**DATA RECORDS:**
-- Opening Marker --

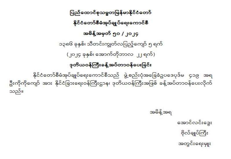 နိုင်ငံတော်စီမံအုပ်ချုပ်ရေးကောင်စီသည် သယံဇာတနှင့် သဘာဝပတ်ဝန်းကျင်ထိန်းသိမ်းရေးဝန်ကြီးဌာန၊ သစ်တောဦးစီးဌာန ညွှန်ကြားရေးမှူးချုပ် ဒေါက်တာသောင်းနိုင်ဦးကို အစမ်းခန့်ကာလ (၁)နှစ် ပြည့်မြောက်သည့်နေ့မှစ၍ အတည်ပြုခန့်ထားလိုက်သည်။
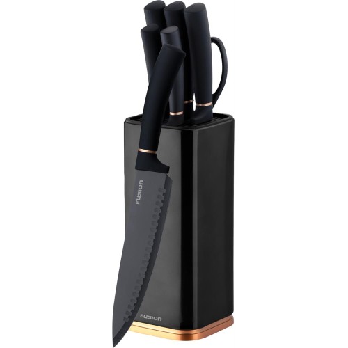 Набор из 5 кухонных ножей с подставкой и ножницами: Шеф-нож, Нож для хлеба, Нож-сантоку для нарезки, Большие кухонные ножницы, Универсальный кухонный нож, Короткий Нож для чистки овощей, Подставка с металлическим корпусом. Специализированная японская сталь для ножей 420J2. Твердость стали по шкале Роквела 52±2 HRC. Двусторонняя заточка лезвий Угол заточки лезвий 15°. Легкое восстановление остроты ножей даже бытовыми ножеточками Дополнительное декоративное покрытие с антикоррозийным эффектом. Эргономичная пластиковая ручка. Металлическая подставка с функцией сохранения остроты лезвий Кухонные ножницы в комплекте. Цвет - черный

-- Closing Marker --
-- Opening Marker --

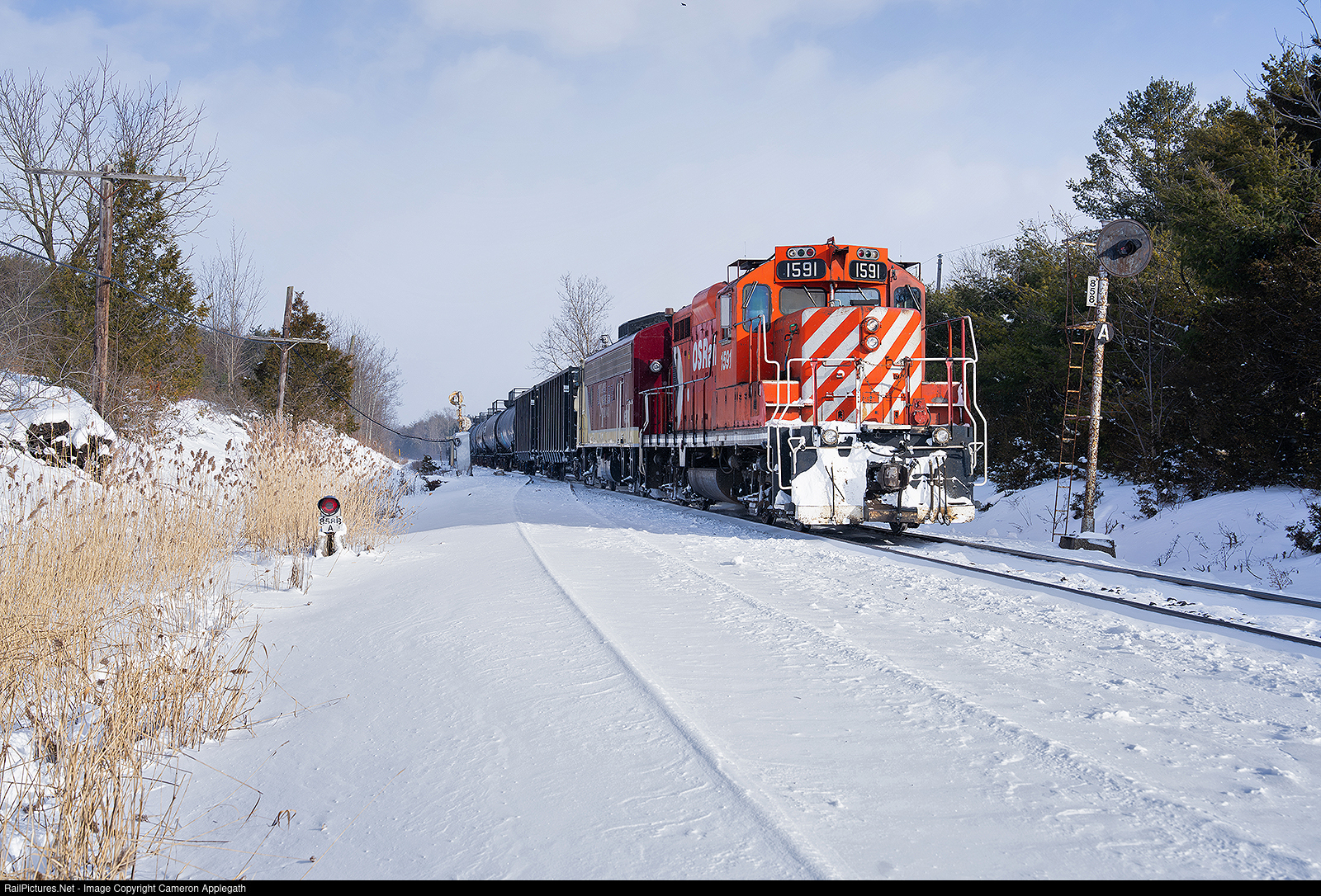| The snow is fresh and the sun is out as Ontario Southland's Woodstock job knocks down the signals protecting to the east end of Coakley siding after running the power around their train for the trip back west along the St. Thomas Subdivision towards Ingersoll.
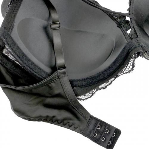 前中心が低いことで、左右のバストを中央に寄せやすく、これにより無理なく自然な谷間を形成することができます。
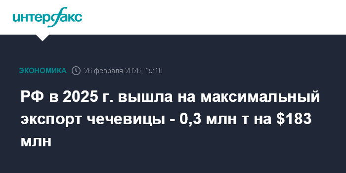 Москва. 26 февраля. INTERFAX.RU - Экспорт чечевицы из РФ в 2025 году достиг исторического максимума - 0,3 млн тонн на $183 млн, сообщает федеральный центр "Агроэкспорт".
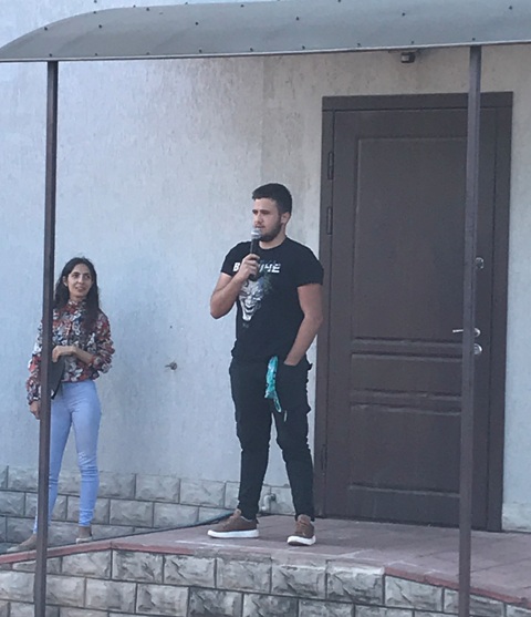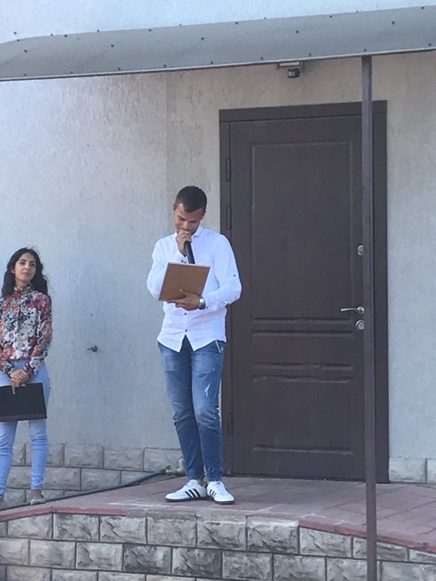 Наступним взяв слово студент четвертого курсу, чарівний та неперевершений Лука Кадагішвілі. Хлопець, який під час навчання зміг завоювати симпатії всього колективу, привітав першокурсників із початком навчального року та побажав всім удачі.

-- Closing Marker --
-- Opening Marker --

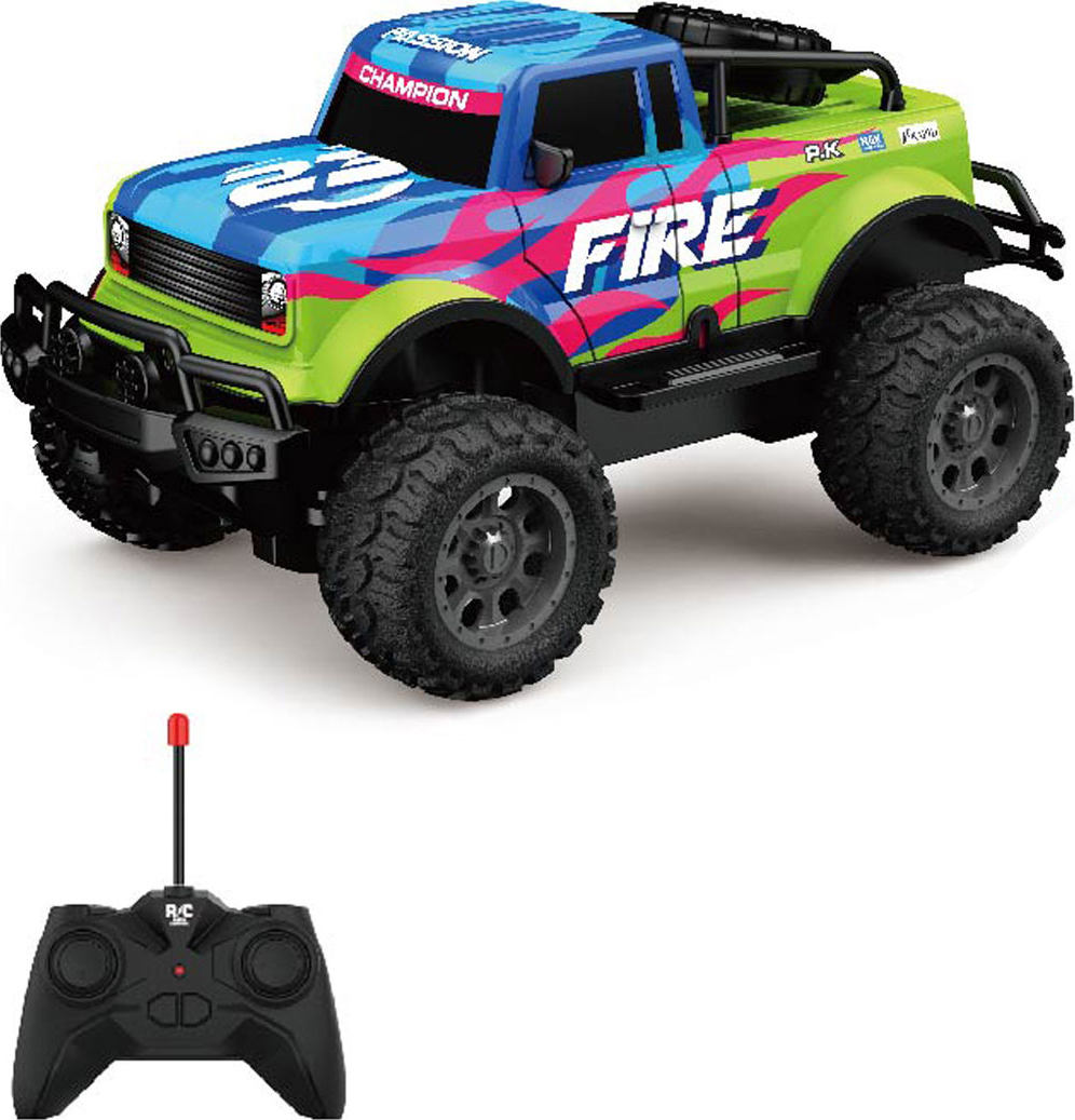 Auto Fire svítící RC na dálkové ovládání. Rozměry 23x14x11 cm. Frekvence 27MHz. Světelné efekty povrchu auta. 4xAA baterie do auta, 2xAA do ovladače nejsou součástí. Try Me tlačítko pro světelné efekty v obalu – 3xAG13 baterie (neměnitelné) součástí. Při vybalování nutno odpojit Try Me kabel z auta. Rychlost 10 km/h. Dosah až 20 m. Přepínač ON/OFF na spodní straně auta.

-- Closing Marker --

**TASK TO COMPLETE:**
While skipping the pictures, transcribe the data above from the line showing "Москва. 26 февраля." through the line showing "Наступним взяв слово", exactly and with both ends.

**SOLUTION TO THIS PROBLEM:**
 Москва. 26 февраля. INTERFAX.RU - Экспорт чечевицы из РФ в 2025 году достиг исторического максимума - 0,3 млн тонн на $183 млн, сообщает федеральный центр "Агроэкспорт".
 Наступним взяв слово студент четвертого курсу, чарівний та неперевершений Лука Кадагішвілі. Хлопець, який під час навчання зміг завоювати симпатії всього колективу, привітав першокурсників із початком навчального року та побажав всім удачі.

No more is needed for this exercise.